我有一个示例火花DF如下:
df = ([[1, 'a', 'b' , 'c'],
[1, 'b', 'c' , 'b'],
[1, 'b', 'a' , 'b'],
[2, 'c', 'a' , 'a'],
[3, 'b', 'b' , 'a']]).toDF(['id', 'field1', 'field2', 'field3'])
下一步需要的是提供多个聚合,以显示每个字段的A,B,C值的摘要。我有一个工作,但乏味的过程如下:
agg_table = (
df
.groupBy('id')
.agg(
# field1
sum(when(col('field1') == 'a',1).otherwise(0)).alias('field1_a_count')
,sum(when(col('field1') == 'b',1).otherwise(0)).alias('field1_b_count')
,sum(when(col('field1') == 'c',1).otherwise(0)).alias('field1_c_count')
# field2
,sum(when(col('field2') == 'a',1).otherwise(0)).alias('field2_a_count')
,sum(when(col('field2') == 'b',1).otherwise(0)).alias('field2_b_count')
,sum(when(col('field2') == 'c',1).otherwise(0)).alias('field2_c_count')
# field3
,sum(when(col('field3') == 'a',1).otherwise(0)).alias('field3_a_count')
,sum(when(col('field3') == 'b',1).otherwise(0)).alias('field3_b_count')
,sum(when(col('field3') == 'c',1).otherwise(0)).alias('field3_c_count')
))
我希望得到的是:
agg_table = (['id':'1','2','3'],
['field1_a_count':1,0,0],
['field1_b_count':2,0,1],
['field1_c_count':0, 1, 0],
['field2_a_count':1,1,0],
['field2_b_count':1,0,1],
['field2_c_count':1,0,0],
['field3_a_count':0,1,1],
['field3_b_count':2,0,0],
['field3_c_count':1,0,0])
如果我只有3个字段,那很好,但是我有30个字段,具有不同的/自定义名称。
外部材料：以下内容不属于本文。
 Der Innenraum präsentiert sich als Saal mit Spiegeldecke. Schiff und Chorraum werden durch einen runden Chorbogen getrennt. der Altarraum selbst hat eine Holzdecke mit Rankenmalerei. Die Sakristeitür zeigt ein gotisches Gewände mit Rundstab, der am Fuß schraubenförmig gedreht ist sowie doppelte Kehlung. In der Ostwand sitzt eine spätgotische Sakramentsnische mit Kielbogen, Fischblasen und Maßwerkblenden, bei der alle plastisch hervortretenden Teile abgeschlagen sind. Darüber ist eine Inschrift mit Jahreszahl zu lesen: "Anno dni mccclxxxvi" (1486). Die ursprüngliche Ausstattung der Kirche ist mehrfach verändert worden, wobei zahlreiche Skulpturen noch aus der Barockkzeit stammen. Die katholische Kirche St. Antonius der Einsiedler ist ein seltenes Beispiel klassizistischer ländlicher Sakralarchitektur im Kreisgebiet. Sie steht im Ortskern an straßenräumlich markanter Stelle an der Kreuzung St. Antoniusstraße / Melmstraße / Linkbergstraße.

也许有人可以帮助我完成编码每个字段总和的重复任务。我试图探讨以下建议:
我可以使它起作用
AnalysisException: cannot resolve '`value`' given input columns: ['field1','field2','field3']
如果我只能拉一个列和一个值, 尝试使用的是:
validated_cols = ['field1','field2','field3']
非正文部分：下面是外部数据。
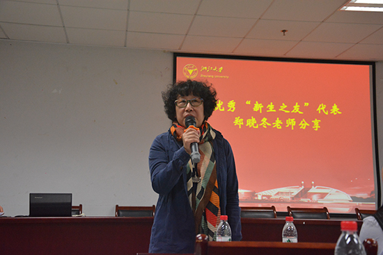 郑晓冬老师作为2015级的优秀新生之友给新一届的新生之友分享了她独到的经验。第一点是要让学生抵御其他的干扰,帮助学生做好角色的转变,这也是学校设立新生之友的初衷。要增加和学生的接触,帮助同学快速适应大学的生活。第二点是关注学生的全面发展。第三点是帮助学生制定学习计划和人生的规划。最后她表示,作为新生之友的同时,自身也收获了很多。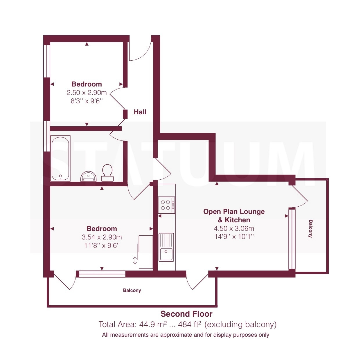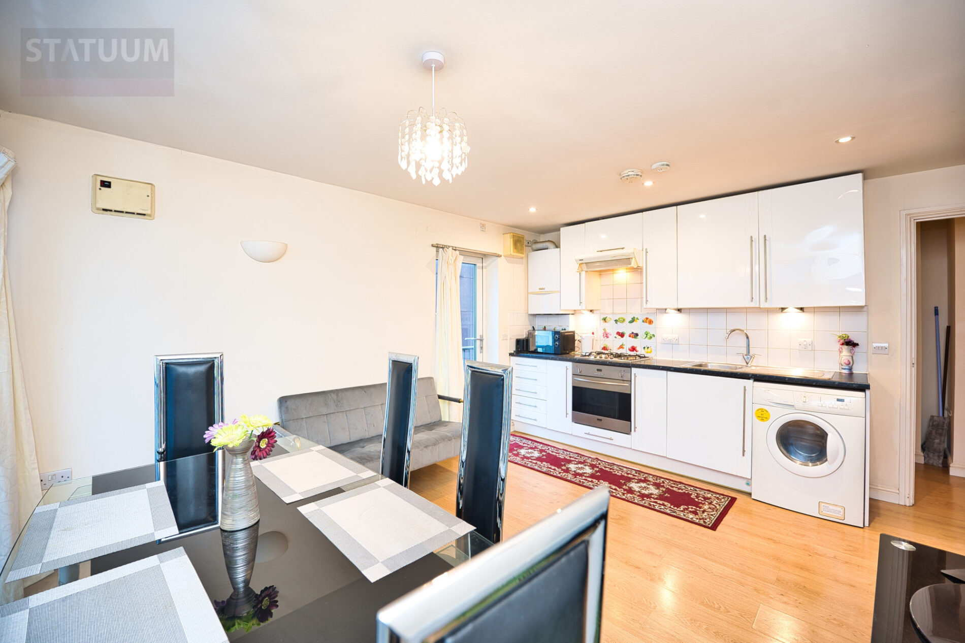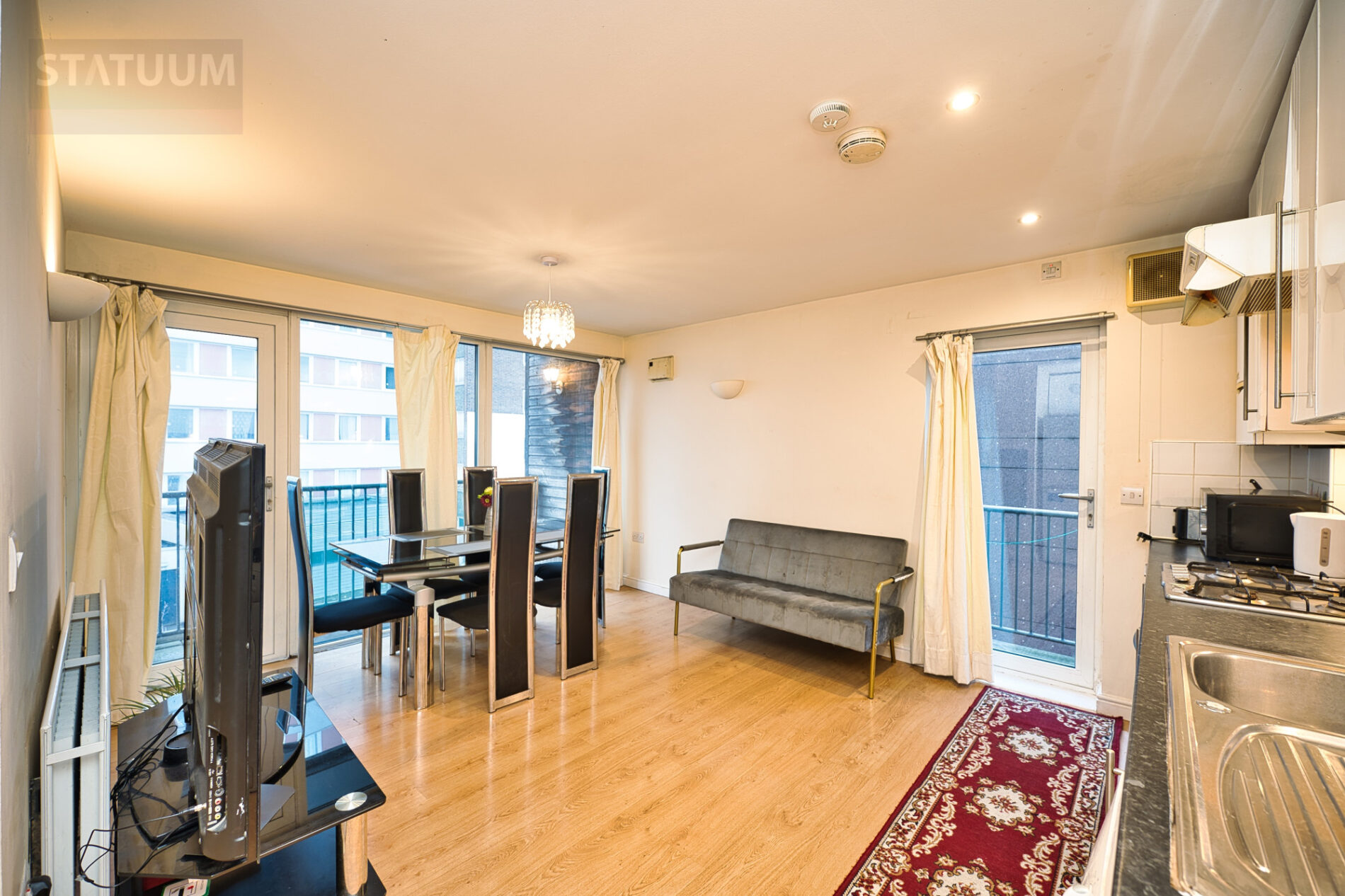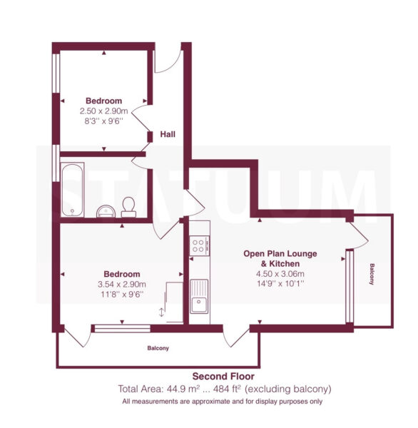 The property comprises a bright openplan lounge and kitchen, two bedrooms, and a contemporary bathroom. The layout is thoughtfully designed, with the main living area opening out onto a private balcony, and a second balcony/terrace accessible from the bedroom—providing excellent outdoor space and natural light throughout.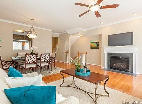 An immaculate 3 BDR, 3 .5 BA with over 2,300 SF Townhome waiting for someone to call it a home! A real gem, tucked in the heart of Blakeney, walking distance to shopping, restaurants and entertainment, minutes away from Stonecrest and 485 in a desirable school district. The subdivision offers pool and walking trails. End unit offers extra privacy and is also facing protected wooded area, very bright and inviting. Stainless steel appliances, tile floors in kitchen and all 4 baths, wood floors in living room and dining area, brand new washer and dryer included, Master suite has a large walk-in-closet, tray ceiling, dual basin vanity in bathroom. Lower level has a bedroom with a full bath and spacious family room. Plenty of parking with 2 designated spots and street parking. An absolute must see!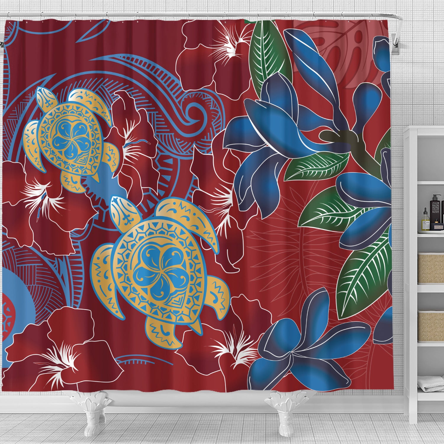 Hawaii Shower Curtain Polynesian Cultures Turtle Couple Tropical Flowers Red Color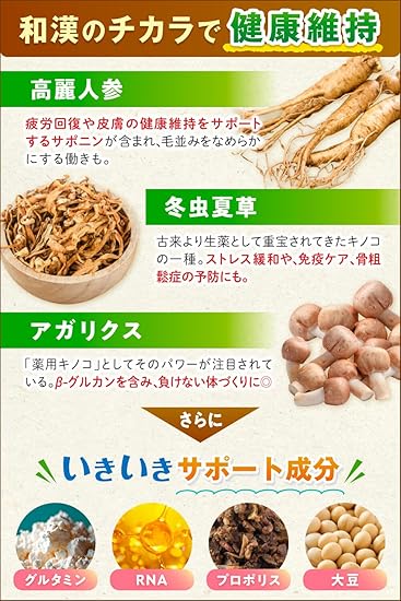 漢方として用いられ 疲労回復 や 皮膚 の 健康維持 をサポートする 高麗人参 、古来より生薬として重宝されてきた 冬虫夏草 、「薬用キノコ」ともいわれる アガリクス 、胃腸の保護や 筋肉 づくりに役立つ グルタミン 、疲れ

df.select(validated_cols).groupBy('id').agg(collect_list($'field1_a_count',$'field1_b_count',$'field1_c_count', ...
$'field30_c_count')).show()
Output: SyntaxError: invalid syntax
我也尝试使用枢轴,但是从搜索到目前为止,它说它仅适用于一列。我尝试了多个列:
df.withColumn("p", concat($"p1", $"p2"))
.groupBy("a", "b")
.pivot("p")
.agg(...)
我仍然会遇到语法错误。
我尝试过的另一个链接: https:// blog/2019/02/05/complect-aggregations in-pyspark/
我还尝试了exprs方法: exprs1 = {x:x in x in df.columns in x!='id in df.columns中'}
将不胜感激。谢谢
I have a sample spark df as below:
df = ([[1, 'a', 'b' , 'c'],
[1, 'b', 'c' , 'b'],
[1, 'b', 'a' , 'b'],
[2, 'c', 'a' , 'a'],
[3, 'b', 'b' , 'a']]).toDF(['id', 'field1', 'field2', 'field3'])
What I need next is to provide a multiple aggregations to show summary of the a, b, c values for each field. I have a working but tedious process as below:
agg_table = (
df
.groupBy('id')
.agg(
# field1
sum(when(col('field1') == 'a',1).otherwise(0)).alias('field1_a_count')
,sum(when(col('field1') == 'b',1).otherwise(0)).alias('field1_b_count')
,sum(when(col('field1') == 'c',1).otherwise(0)).alias('field1_c_count')
# field2
,sum(when(col('field2') == 'a',1).otherwise(0)).alias('field2_a_count')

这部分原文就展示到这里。